Molecular and Cellular Biology ◽

10.1128/mcb.19.7.5061 ◽

1999 ◽

Vol 19 (7) ◽

pp. 5061-5072 ◽

Cited By ~ 75

Author(s):

Mirjana Andjelković ◽

Sauveur-Michel Maira ◽

Peter Cron ◽

Peter J. Parker ◽

Brian A. Hemmings

Keyword(s):

Protein Kinase ◽

Kinase Inhibitors ◽

Protein Kinase B ◽

Second Messengers ◽

Activation Mechanism ◽

Dependent Protein Kinase ◽

Dependent Protein ◽

Phosphoinositide 3 Kinase ◽

Regulatory Sites

ABSTRACT Protein kinase B (PKB or Akt), a downstream effector of phosphoinositide 3-kinase (PI 3-kinase), has been implicated in insulin signaling and cell survival. PKB is regulated by phosphorylation on Thr308 by 3-phosphoinositide-dependent protein kinase 1 (PDK1) and on Ser473 by an unidentified kinase.
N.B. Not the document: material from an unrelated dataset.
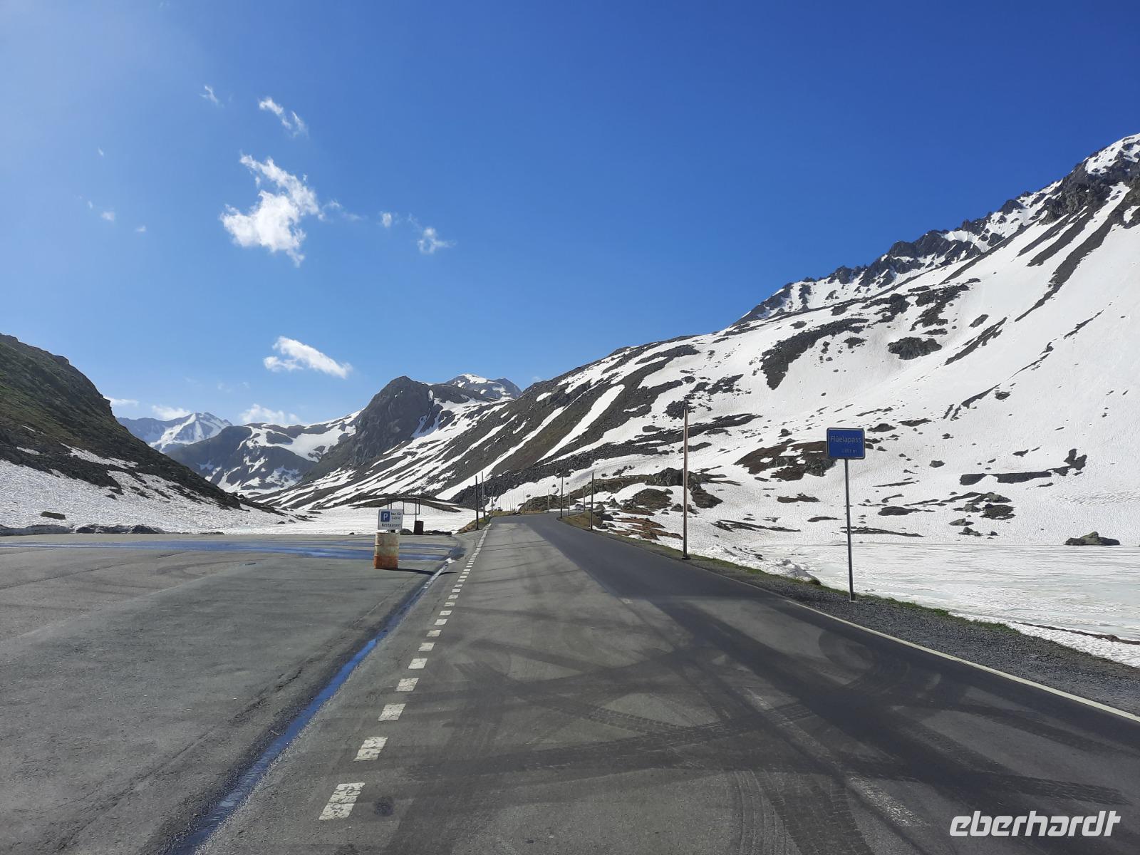 Bereits heute stand der erste Höhepunkt dieser Reise auf unserem Programm, die Fahrt mit dem Bernina-Express! Mit unserem Bus fuhren wir zunächst über den 2.383 m hoch gelegenen Flüela-Pass nach Pontresina und von dort aus weiter über den Bernina-Pass bis in den schweizerischen Grenzort Campocologno. Unterwegs legten wir selbstverständlich ein paar Foto-Stopps ein, denn während unserer Bahnfahrt am Nachmittag war das in diesem Umfang natürlich nicht möglich. So bestaunten wir unter anderem den imposanten Morteratsch-Gletscher, der seinen Ursprung im gigantischen Bernina-Massiv hat, bevor wir schließlich einen Aufenthalt auf der Passhöhe des Bernina-Passes planten. Bis hierher hatten wir bereits immerzu die Streckenführung des Bernina-Expresses zu sehen bekommen, denn die Straße führte uns ab Pontresina nahezu parallel zur Bahnstrecke. Später gelangten wir zum berühmten Kreisviadukt von Brusio, wo wir selbstverständlich einen Zug abwarteten, damit unser Foto perfekt wurde - schließlich dürfte es zu den meistfotografierten Bauwerken der Rhätischen Bahn zählen! Wir erlebten wir eine wahre Einzigartigkeit, denn der Bernina-Express beschreibt hier eine 107 Meter lange Schleife über einen Kreisviadukt. Diese 360-Grad-Kehre bringt wertvolle Höhenmeter, ein Griff in die Trickkiste der Bahnbauer, der sonst nur bei Kehrtunnels angewendet wird. Am Mittag war es dann endlich soweit wir stiegen in Campocologno kurz vor der schweizerisch-italienischen Grenze in den Bernina-Express ein. Die Bernina-Linie ist übrigens die einzige Schweizerbahn, die offen über die Alpen führt und wurde bereits 1910 fertig gestellt. Sie brachte uns nun vom mediterranen Tal des Val die Poschiavo von 553 m ü. d. M. hinauf zu den Gletschern des Bernina-Passes. Während der Höhenunterschied zwischen Campocologno und Ospizio Bernina etwa 1.700 Meter beträgt, misst die Horizontaldistanz nur etwa 22 Kilometer. Diese Höhendifferenz wird ohne Zahnrad-Strecken überwunden - trotz Steigungen von bis zu 70o/oo. Das ist das absolute Maximum, das eine Adhäsionsbahn noch nutzbringend bewältigen kann. Besonders raffiniert ist übrigens auch die Wahl der Linienführung, denn sie ermöglicht nicht nur die Überwindung der immensen Höhenunterschiede, sondern eröffnete uns auch atemberaubende Ausblicke auf eine imposante Bergwelt, auf Gletscher und Täler. Weiter hinauf ging es zum Lago di Poschiavo und durch die Ortschaften des Val di Poschiavo, einem italienisch-sprachigen Südtal des Kantons Graubünden, erreichten wir die Bernina-Passstraße. Diese ist gewöhnlich ganzjährig geöffnet und stellt die Verbindung zwischen dem Puschlav im Süden und dem Engadin im Norden dar. Damit ist der Pass gleichzeitig eine Sprachgrenze. Eine gelbe Tafel auf dem Pass signalisiert die Europäische Wasserscheide, das Wasser in Richtung Süden gelangt über die Flüsse Poschiavino, Adda und Po ins Adriatische Meer und das Wasser in Richtung Norden wird über den Inn und die Donau ins Schwarze Meer geleitet. Die 2-stündige Fahrt mit dem Bernina-Express verging wie im Fluge und in Pontresina wartete unser Buschauffeur Steffen bereits mit dem Bus auf uns und sogleich ging es über den Flüela-Pass nach Davos zurück. Ein langer und erlebnisreicher Tag war damit zu Ende.

We have used chimeric molecules of PKB to define different steps in the activation mechanism. A chimera which allows inducible membrane translocation by lipid second messengers that activate in vivo protein kinase C and not PKB was created. Following membrane attachment, the PKB fusion protein was rapidly activated and phosphorylated at the two key regulatory sites, Ser473 and Thr308, in the absence of further cell stimulation. This finding indicated that both PDK1 and the Ser473 kinase may be localized at the membrane of unstimulated cells, which was confirmed for PDK1 by immunofluorescence studies. Significantly, PI 3-kinase inhibitors prevent the phosphorylation of both regulatory sites of the membrane-targeted PKB chimera. Furthermore, we show that PKB activated at the membrane was rapidly dephosphorylated following inhibition of PI 3-kinase, with Ser473 being a better substrate for protein phosphatase. Overall, the results demonstrate that PKB is stringently regulated by signaling pathways that control both phosphorylation/activation and dephosphorylation/inactivation of this pivotal protein kinase.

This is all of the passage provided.